Many families have an annual turkey bowl tradition on the morning of Thanksgiving, and it can either be the best or worst part of your day. Make it a highlight from start to finish with these three items:

Beer: The thinking here is along the lines of visiting a gentlemen’s club: In reality, you might not be looking at much, but a few drinks make it a hell of a lot easier to enjoy.

Your sister’s new boyfriend is inexplicably calling audibles at the line of scrimmage despite the fact that there is no playbook and he’s using zero terminology common to the game of football. You can either let this piss you off or shotgun another beer and laugh about it. I suggest the latter.

Advil: No one makes it out of the turkey bowl unscathed.
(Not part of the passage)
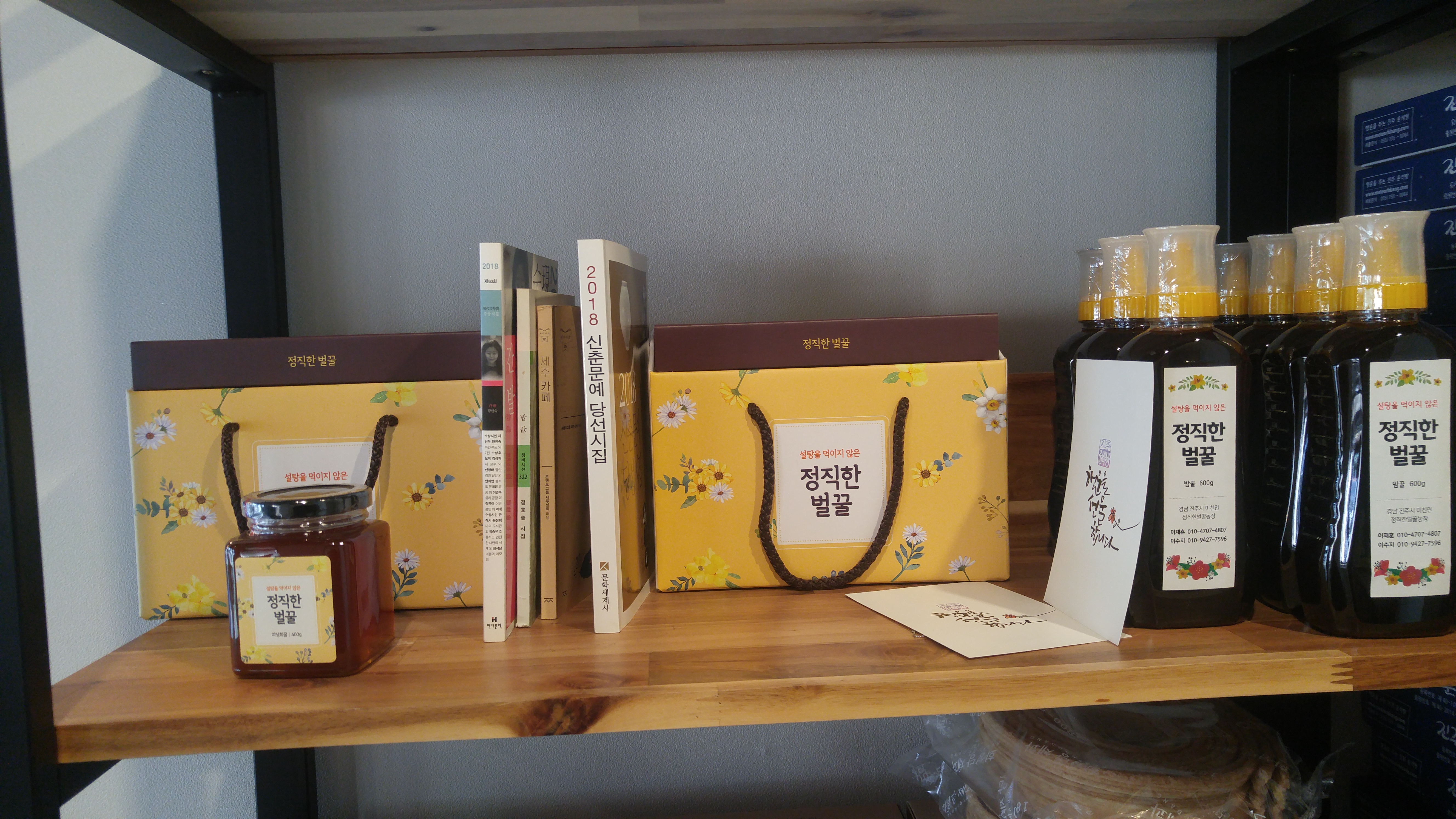 정직하다는 벌꿀에 츄러스에 에비앙에 이것저것 판매를 하고 있다.
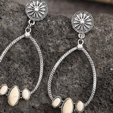 Add some western charm to your outfit with our Artificial Turquoise or Ivory Teardrop Earrings! These earrings feature a round floral post and teardrop-shaped rope-style wire with 3 Bezel-set faux Turquoise or ivory accents. Perfect for any occasion, these earrings are sure to make a statement!

This is not only because you are in poor physical shape, but also because your high school-aged cousin is determined to crack some skulls across the middle in a game of two-hand touch. Sure, he recorded only 3 JV tackles in his high school career, but that won’t stop him from attempting to deliver Grandpa that elusive 4th hip replacement. So toss a few Advil in your bag—and try to at least wait until after the game to take them.

Fresh Wave: Be the undisputed MVP by tossing some Fresh Wave Packs in everyone’s shoes after the game. Because the only thing more disgusting than Gramma’s fruitcake is trying to enjoy Thanksgiving dinner with the stench of the turkey bowl still wafting through the air.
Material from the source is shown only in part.